Dancing Mathy Masters

Creating or finding patterns, reasoning spatially, tending to aesthetics, being precise, and creating in a universal idiom—these are acts common to both math and dance.  

Not everyone is exposed to mathematics via art, especially a performing art.  As a math and dance double major, I recall feeling vindicated when one of my choreography courses required that we build models of both a dodecahedron and a cube as visual aids for spatial awareness.  As of late, both dancers and mathematicians are exploiting these connections for educational purposes. At the primary level, Malke Rosenfeld uses patterns in rhythm and symmetry ideas to promotes choreographic inquiry into mathematical thinking on her blog Math in Your Feet.

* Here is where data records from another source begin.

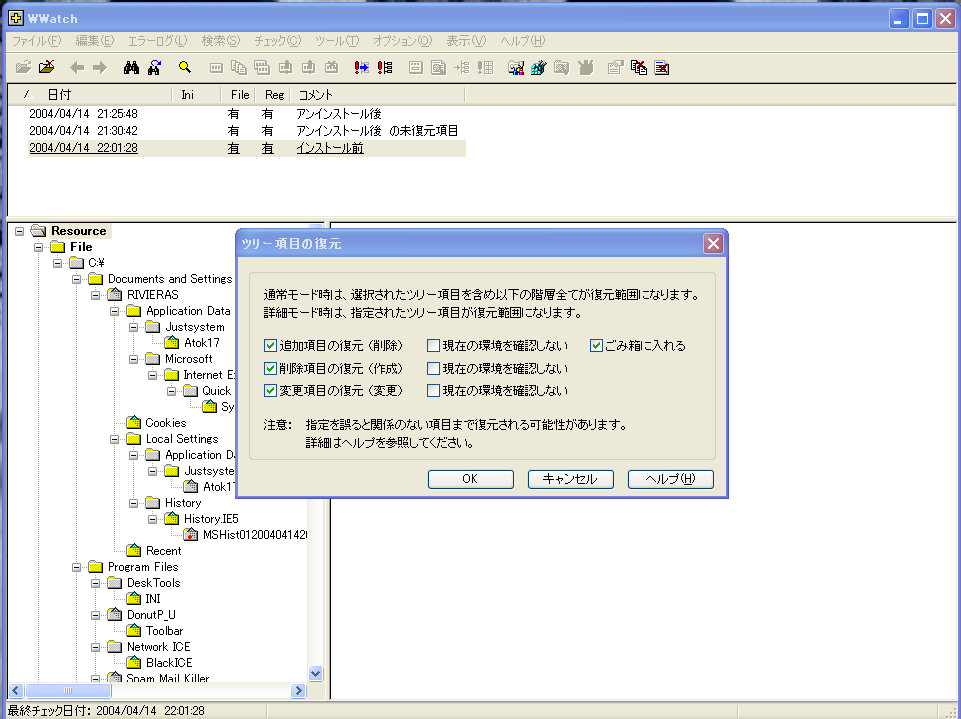 久々にシェアウェアとして素晴らしいものを紹介します。これは、アプリをインストールするときに環境を記録し、アンインストール後に元の環境に復元してくれるものです。作者はSRCpy for WIN32(こちらはフリーウェア)の作者でもあり、なかなか優秀なコンセプトの持ち主です。難点は操作がわかりにくいことでしょうか。なにも情報を持たずにとりあえず起動しても、何がなんだか分からないので、即刻使用中止したくなるところ。しかし、機能を理解しさえすれば、かなり有用なアプリといえます。 入手は次のURLからどうぞ。 サンプル http://hp.vector.co.jp/authors/VA005888/ |
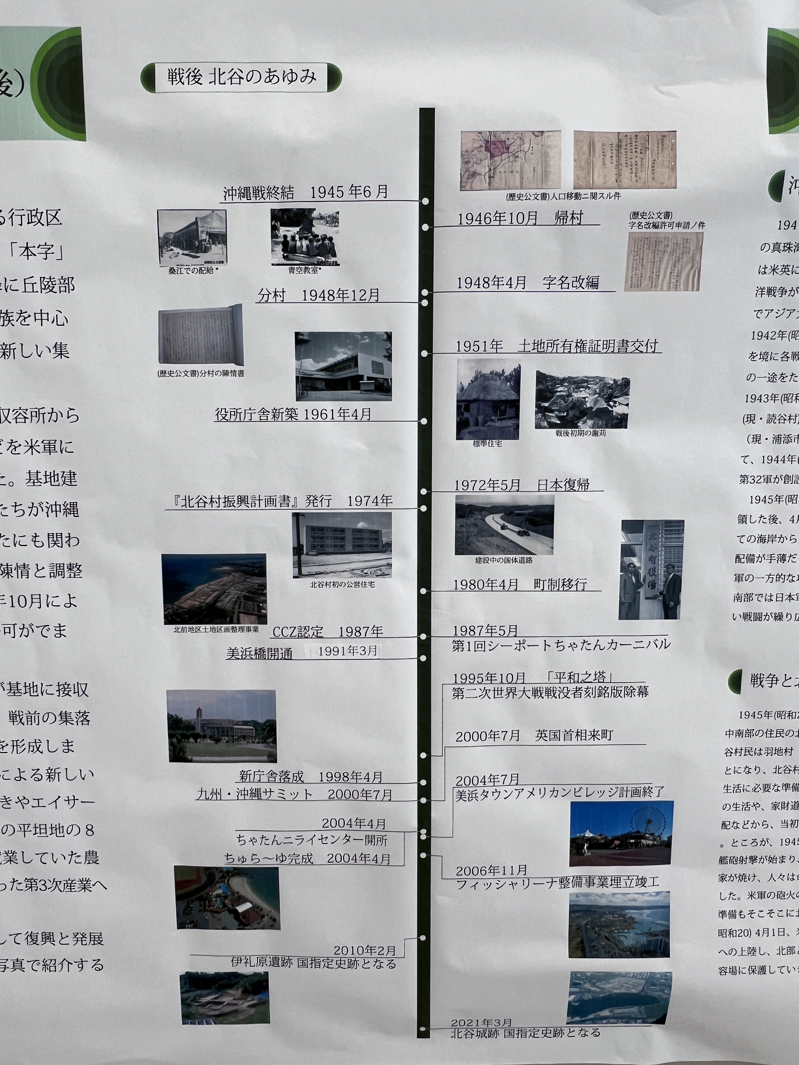 『平和祈念展』では、北谷町の復興と発展、戦後から現在までの変化をみることができます。
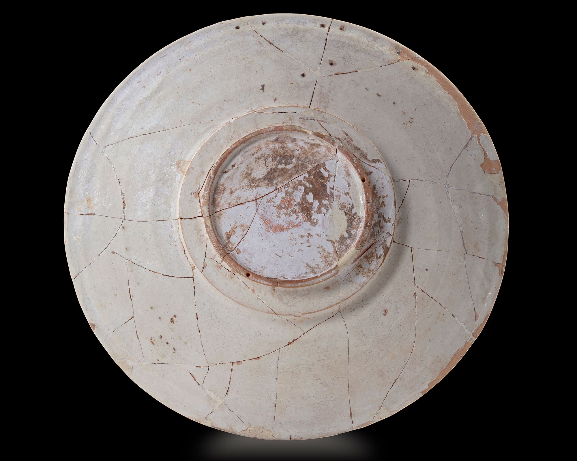 The inscriptions were always in Arabic though Persian was the lingua franca of both Nishapur and Samarqand. Simple, elegant radial designs punctuate the inscription. Unlike some slip-painted wares (like Cat. Ga.1 of the al-Sabah Collection) which have individual letters in red to create a visual rhythm to the inscription, this dish uses radial medallions in black and red to split the text into quadrants. ‘The black is used almost exclusively for the Kufic inscriptions’. The completeness of this dish is one aspect of its beauty. Most of excavations in the 1930s and 1940s that revealed these slip-painted wares found copious sherds or wasters.
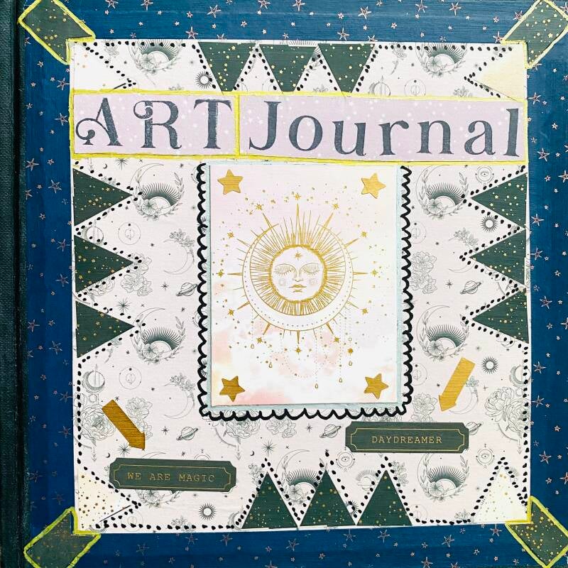 Bij een Art Journal hoort natuurlijk een leuke creatieve voorkant! Deze maakte ik met papier, washitape en stickertjes van de Action en wat acrylverfmarkers. Opgeplakt met gel medium mat en een laagje nog eroverheen gesmeerd.

From Malke Rosenfeld's Math in your Feet blog

From Malke Rosenfeld’s Math in your Feet blog

Ms. Rosenfeld, a rhythm dancer and homeschooling mother, worked with a math specialist Jane Cooney to meld her passions for dance and math into a way of helping elementary students learn both.   Her video is posted also at a new site called MATHAGOGY which serves as home to a bank of two minute math education videos featuring the “person behind the practice”.  Some of the most experienced math/dance educators might be Erik Stern and Karl Schaffer, two professors, who have developed several activities for upper elementary.  Here is a video showing clips of their ensemble.  A recent article in Proceedings of the National Academy of Sciences (PNAS) highlights their organization, which has been giving dance performances inspired by or demonstrating mathematical ideas for over 20 years.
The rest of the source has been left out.